Flaws of human estimation

  • Most technical people default to absolute estimation (hours/days), which is flawed due
    • Cognitive biases
    • Uncertainty inherent in technical projects

Cognitive biases

  • Optimism Bias: Tendency to be overly optimistic about completion time, underestimating complexity and potential roadblocks

  • Planning Fallacy: The belief that this project will go faster than previous, similar projects, ignoring historical data

  • Anchoring: Basing an estimate on the first number mentioned (even if it’s irrelevant), skewing subsequent adjustments

  • Parkinson’s Law: “Work expands so as to fill the time available for its completion.” If you estimate 5 days, it will take 5 days, even if it could have been 3

Relative estimation

  • Instead of asking “How long?”, we ask “How big/complex is this relative to that?”

  • Benefits:

    • Less Emotional: Easier to agree that one task is bigger than another than to agree on an exact duration

    • Focus on Complexity: Shifts the focus from time (which is subjective and variable) to complexity, uncertainty, and effort

    • Team Consensus: Requires the whole team to discuss and align on the size and scope of the work

Story points

  • Abstract unit of measure used in agile development to estimate the overall effort required to implement a Product Backlog Item (PBI) or user story

  • Factors represented by story points

    • Complexity: How intricate is the logic or domain?

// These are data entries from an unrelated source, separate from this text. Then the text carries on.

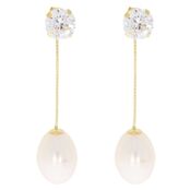 Luxxos Ohrhänger mit 2 Süßwasserzuchtperlen und 2 Zirkonia aus 375 Gelbgold
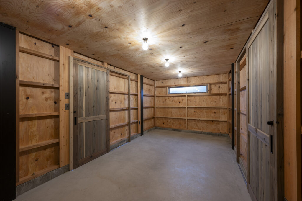ガレージに隣接した、広々木製小屋もHWHオリジナル。季節ごとの道具の入れ替えや、DIY、趣味の作業など ”こう使いたい” が叶う空間を造り上げました。
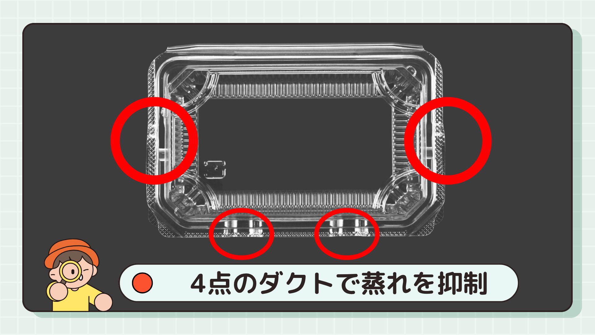 シンプルな形状ながら、容器内の蒸れを防ぎ、鮮度を維持します。
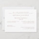Convite para casamento branco moderno. Parentes noivos listados. Fonte mista. Texto Dourado rosa.
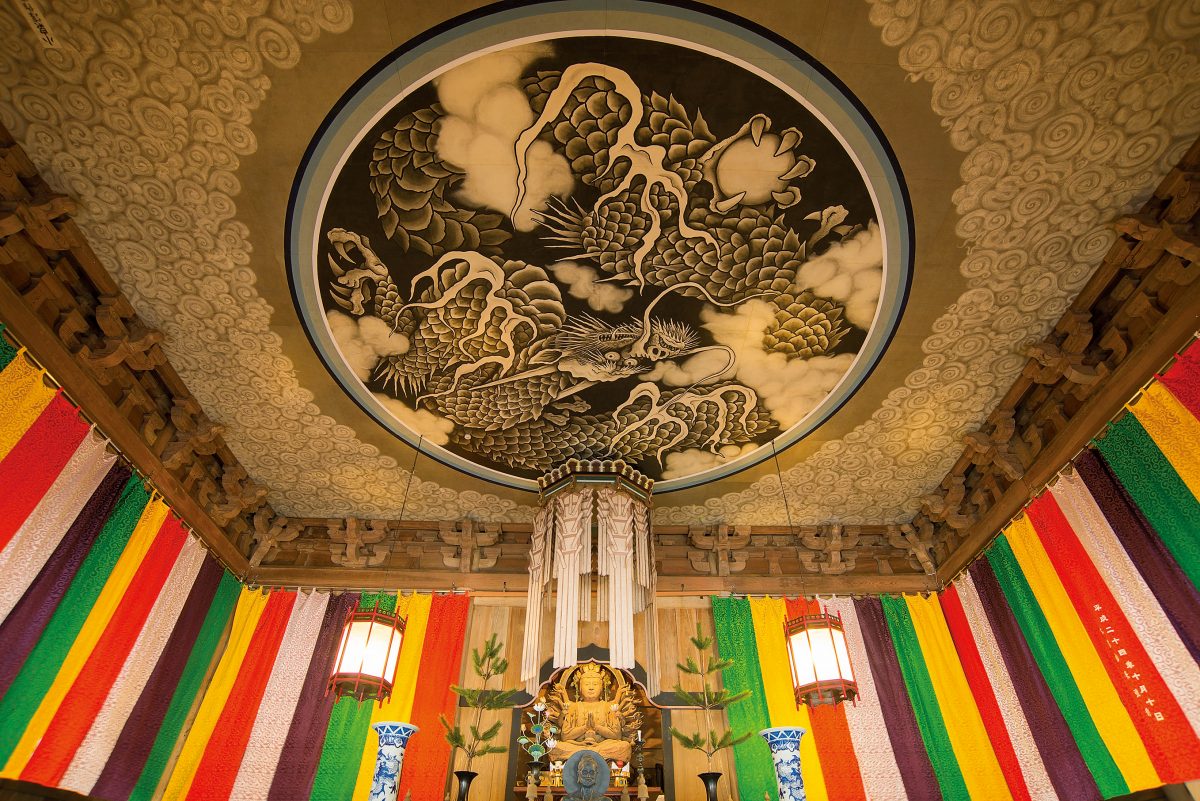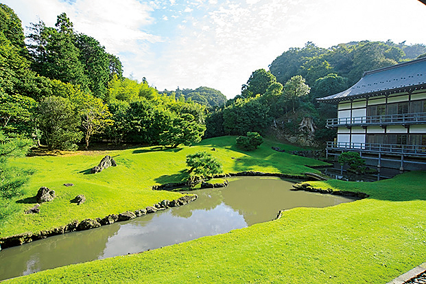 法堂に入って天井を見上げれば、迫力満点の『雲龍図』が。鎌倉に住んでいた日本画家、小泉淳作氏の描いたもので、その力強い筆致は圧巻の一言!さらに開山の蘭渓道隆作といわれる方丈庭園は、禅の心を視覚で楽しめます。草書体の「心」の字をかたどった「心字池」を眺めながら、しばし心を静めてみては?
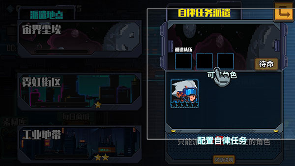 闯关的同时,角色可以参与派遣任务获得不同的奖励!闯关、集材料升级两不误
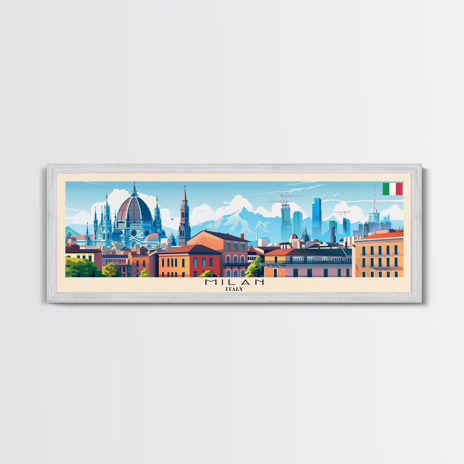 Milan Italy Panoramic Travel Poster, Framed Canvas Print or Metal Wall Art, Travel Art, Home Decor, Panoramic Painting, Midcentury Art
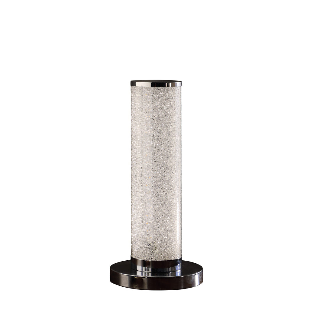 Transform your home���s interior decor with this 13��� Modern White Sand Crystal And Steel Table Lamp. This beautiful and unique lamp has a column structure and features a shiny round steel base, a clear polyester tube filled with many white crystal sand rocks, and inner LED lights to brighten up the room. The crystal rocks catch the light and refract it to create a beautiful and dazzling effect in any room you place the lamp. There is also a round steel cover at the top of the column of light. This lamp is a minimalist statement piece and is eco-friendly and energy efficient, the perfect lamp for you. 13��� x 6��� x 6���

    • Uncertainty: How many unknowns are there? How much research is needed?

    • Effort/Volume: The sheer amount of work (coding, testing, deployment).

  • Fibonacci Sequence (1, 2, 3, 5, 8, 13, 21…) is used to make general, relative estimates

Image courtesy of Math is Fun

Planning poker

  • Consensus-based, relative estimation technique
  • Prevents anchoring by forcing simultaneous revelation
  • Facilitates healthy debate to uncover hidden complexity
  • Process:

    1. The Product Owner/Lead reads the story and answers questions

    2. Each team member privately selects a card (Fibonacci number) representing their estimate

    3. Everyone reveals their cards simultaneously

    4. Discussion: If estimates vary widely (e.g. 3 and 13), the high and low estimators briefly explain their rationale (addressing complexity or missed assumptions)

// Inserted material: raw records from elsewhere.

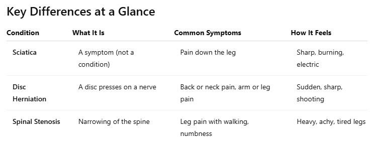 Sciatica vs. Disc Herniation vs Stenosis: What’s the Difference?
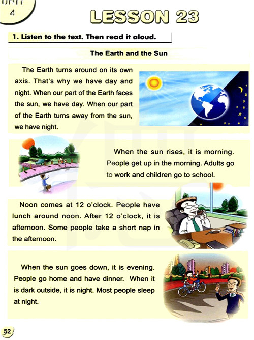 当太阳升起的时候,那是早晨。人们在早晨起床,大人去上班,小孩去上学。中午在12点来临。人们在中午吃午餐,在12点以后,那是下午。一些人们在下午睡午觉。
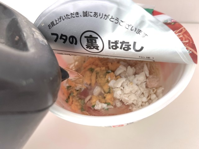 かやくとマシマシ具材パックの中身を入れ、熱湯を注いで4分待つ。
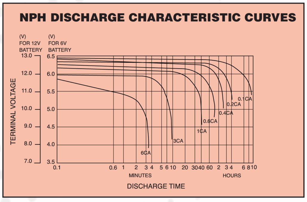 Take a look at the chart above taken from the Yuasa NPH range of batteries. You can see that at 1CA (1 x the capacity, so for a 7Ah block this would be 7A), the amount of time it will provide power for is in fact 40 minutes and not 1 hour.

    5. The team re-estimates until consensus is reached

Risk Management

A risk is an uncertain event or condition that, if it occurs, has a positive or negative effect on a project’s objectives (cost, scope, schedule, quality)

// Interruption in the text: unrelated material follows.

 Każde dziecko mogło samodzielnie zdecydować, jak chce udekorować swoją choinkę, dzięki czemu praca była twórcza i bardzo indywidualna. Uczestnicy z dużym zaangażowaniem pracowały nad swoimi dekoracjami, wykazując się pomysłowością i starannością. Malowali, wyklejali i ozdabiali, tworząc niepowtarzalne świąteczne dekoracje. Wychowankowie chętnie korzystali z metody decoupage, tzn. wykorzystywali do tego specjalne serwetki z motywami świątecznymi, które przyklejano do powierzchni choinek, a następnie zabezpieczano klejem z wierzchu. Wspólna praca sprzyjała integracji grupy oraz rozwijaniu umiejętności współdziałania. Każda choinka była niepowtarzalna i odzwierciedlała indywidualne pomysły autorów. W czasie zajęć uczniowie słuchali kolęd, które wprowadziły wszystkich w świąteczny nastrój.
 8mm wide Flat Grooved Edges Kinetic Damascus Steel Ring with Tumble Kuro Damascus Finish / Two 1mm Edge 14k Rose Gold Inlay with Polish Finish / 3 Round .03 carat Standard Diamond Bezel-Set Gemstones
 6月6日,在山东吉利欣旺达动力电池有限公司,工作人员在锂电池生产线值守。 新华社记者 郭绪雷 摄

Identifying and assessing project risks

  • Identification: Brainstorming potential risks across common categories

    • Technical Risks: Unproven technology, integration issues, unexpected performance bottlenecks

    • Schedule Risks: Over-optimistic estimates, dependencies on third parties, slow team ramp-up

    • Resource Risks: Loss of a key team member, lack of necessary skills, competing priorities

    • External Risks: Regulatory changes, vendor failure, market shifts

  • Assessment (P x I): Evaluate each risk using a simple matrix

    • Probability (P): How likely is the risk to occur (e.g. Low, Medium, High)?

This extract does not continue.